Why would any Bengal want to disturb the peace of this place?
2. Trying to take a Taser on a team flight. I guarantee this is going to happen in athletics in the next year. Somehow the Bengals seem like the most likely violators.

Try taking THIS taser on a plane.
3. Laser pointers. When I was in college, one kid in my dorm at GW had a high-tech laser pointer (he was really cool) and he used to shine it out his window at people on the street, so they would think they were about to be shot by someone with a high-tech scope. This was pretty entertaining to watch. Especially if you had a couple of beers. People would hit the ground, roll, dive, you name it. Everyone thought they were about to die. Well, the fun ended for that guy when the Secret Service paid a visit to his dorm room. Yeah, going to school three blocks from the White House can do that for you. It wasn't nearly as bad as the kid who got busted by the Secret Service for selling fake IDs to other college kids. This was the rough equivalent of getting arrested by the SWAT team for jaywalking.

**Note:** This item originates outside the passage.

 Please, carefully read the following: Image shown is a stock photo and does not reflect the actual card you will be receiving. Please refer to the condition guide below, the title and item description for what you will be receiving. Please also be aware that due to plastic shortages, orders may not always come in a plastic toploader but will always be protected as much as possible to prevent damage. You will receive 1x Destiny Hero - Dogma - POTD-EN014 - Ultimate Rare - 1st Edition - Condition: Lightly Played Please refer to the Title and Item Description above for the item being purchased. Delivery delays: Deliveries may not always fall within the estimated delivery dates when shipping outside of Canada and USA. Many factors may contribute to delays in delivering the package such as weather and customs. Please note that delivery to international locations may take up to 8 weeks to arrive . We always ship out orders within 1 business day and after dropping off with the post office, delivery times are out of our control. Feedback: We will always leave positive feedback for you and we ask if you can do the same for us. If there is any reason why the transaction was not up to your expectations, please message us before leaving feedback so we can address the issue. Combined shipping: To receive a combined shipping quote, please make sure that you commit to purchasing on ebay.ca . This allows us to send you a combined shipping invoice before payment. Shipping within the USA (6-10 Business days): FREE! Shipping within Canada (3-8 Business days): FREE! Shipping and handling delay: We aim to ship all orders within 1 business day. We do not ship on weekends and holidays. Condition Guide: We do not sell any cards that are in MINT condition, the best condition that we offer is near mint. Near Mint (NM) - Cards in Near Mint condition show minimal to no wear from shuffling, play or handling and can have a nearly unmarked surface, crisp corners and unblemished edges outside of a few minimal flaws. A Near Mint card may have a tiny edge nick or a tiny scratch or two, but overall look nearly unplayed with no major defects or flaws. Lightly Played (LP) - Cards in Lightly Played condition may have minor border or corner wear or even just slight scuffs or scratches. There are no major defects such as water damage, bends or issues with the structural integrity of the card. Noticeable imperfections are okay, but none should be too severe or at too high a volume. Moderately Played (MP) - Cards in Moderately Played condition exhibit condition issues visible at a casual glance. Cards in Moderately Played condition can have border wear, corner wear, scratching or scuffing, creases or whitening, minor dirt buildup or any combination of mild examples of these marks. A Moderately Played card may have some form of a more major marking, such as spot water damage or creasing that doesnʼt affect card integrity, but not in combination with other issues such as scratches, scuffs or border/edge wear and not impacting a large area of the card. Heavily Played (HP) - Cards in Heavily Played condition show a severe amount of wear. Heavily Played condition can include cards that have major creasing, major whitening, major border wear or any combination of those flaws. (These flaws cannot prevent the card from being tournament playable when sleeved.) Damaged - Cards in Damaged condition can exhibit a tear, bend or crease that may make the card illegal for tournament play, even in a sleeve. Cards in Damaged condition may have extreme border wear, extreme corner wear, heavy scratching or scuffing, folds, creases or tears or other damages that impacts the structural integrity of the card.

4. DWB (Driving While a Bengal). Pretty soon Cincinnati cops will be able to satisfy probable cause requirements by writing "Plays for Bengals" on their warrant requests.

Awww, cute kitty!
5. Failure to pay for Tickle Me Elmo dolls. Even though my friend Amir has assured me that the TME market is not that intense, no one wants to wait in those lines in department stores. But most people do. Bengals players won't.

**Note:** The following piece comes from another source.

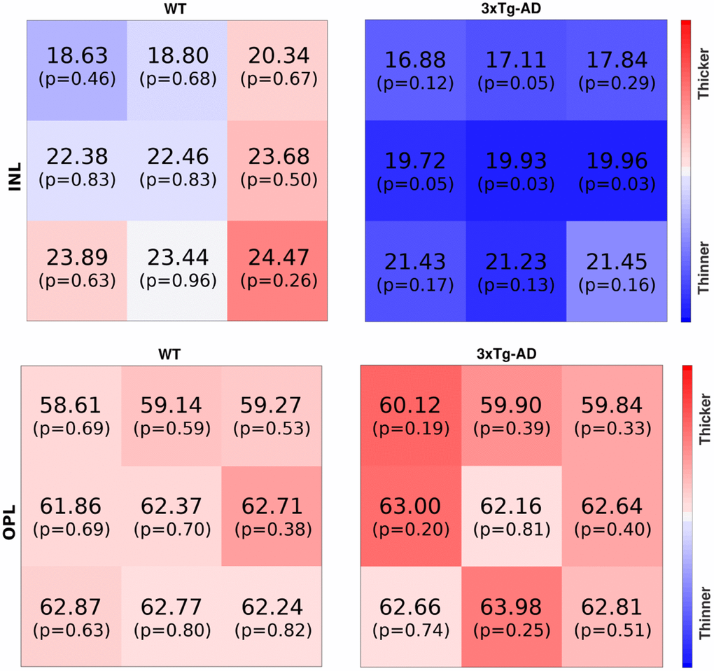 The intense blue color of the INL thickness of the 3×Tg-AD mice shown in Figure 5 indicates the overall decrease in thickness compared to the established normative data. Indeed, five out of the nine values present p-values under 0.1, meaning that the probability of randomly generating that or a more extreme thickness value for the normative distribution of the thickness is below 10%. On the other hand, for the WT thickness map, one can find both blueish and reddish colors, meaning that the thickness is around the average, respectively below and above it, with the light colors indicating these are close to the average; six of the nine values present a p-value above 0.6.

Sometimes, Clay, I just don't get you.
6. Speeding in Kentucky. There is no state I would least rather drive in than Kentucky, where stopping people for speeding seems to be the entire purpose of state law enforcement. It's uncanny how many cops there are whose entire job seems to be waiting for me to make my once-every-four-months drive through their state. This is actually the legitimate reason my wife and I are flying to Michigan for the holidays. Because it's cheaper than having to pay the speeding tickets that will inevitably ensue once I dare to floor it and hit 75 mph through the state. Bengals players will break 100, trust me.
7. Breaking something with a Wii controller. This has evidently become an epidemic. Several readers have sent me links to people destroying their property and the property of others. According to wiihaveaproblem.com, the current tally for the new Nintendo controller is 13 television sets, three ceiling fans, two laptops and one window. If I were a Bengal, this would happen to me: I'd be playing Madden just when an officer walked by on patrol and got slammed by my controller flying through the shattered window. Bang, booked for assault and battery. And no one would believe me as to how it happened.

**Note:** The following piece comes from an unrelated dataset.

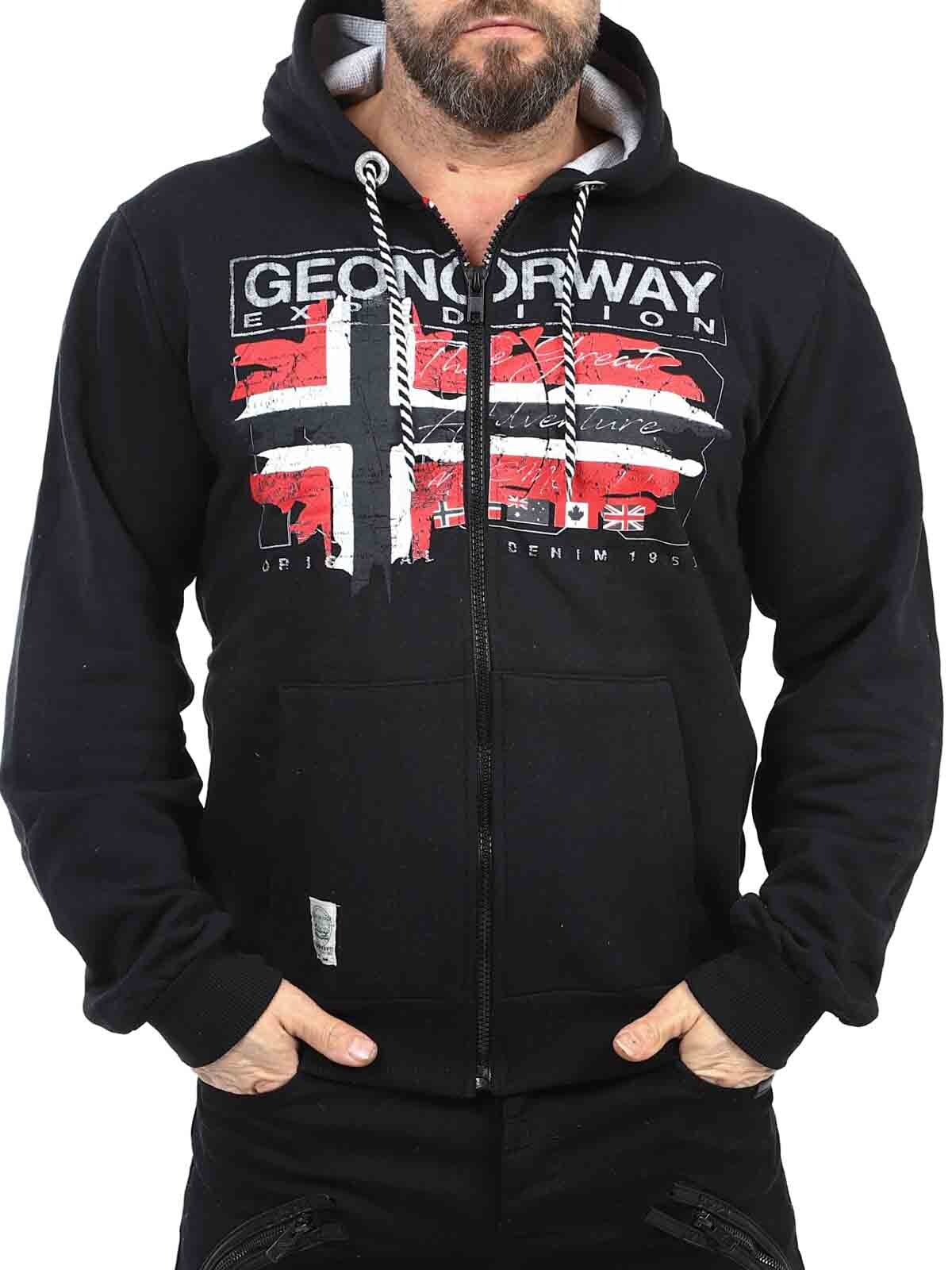 Hættetrøje med et logo og lynlås. Den har en rummelig hætte med justerbare snøre og en stor lomme fortil på maven. Elastiske kanter ved ærmernes afslutning og i taljen giver en behagelig pasform.

8. Paintball guns: Back in the days before everyone was presumed to be armed and dangerous or a terrorist, we used to shoot each other with paintball guns all the time in public. Admittedly this was stupid, but as long as you wore a mask, it was pretty entertaining. I'm betting paintball guns are popular with the Bengals, and I'm also betting that somehow this breaks the law.

On this wall is every dork's biggest dream.
9. Child support delinquency: Judges are really cracking down on this, and somehow I think there are probably quite a few players with support checks to take care of.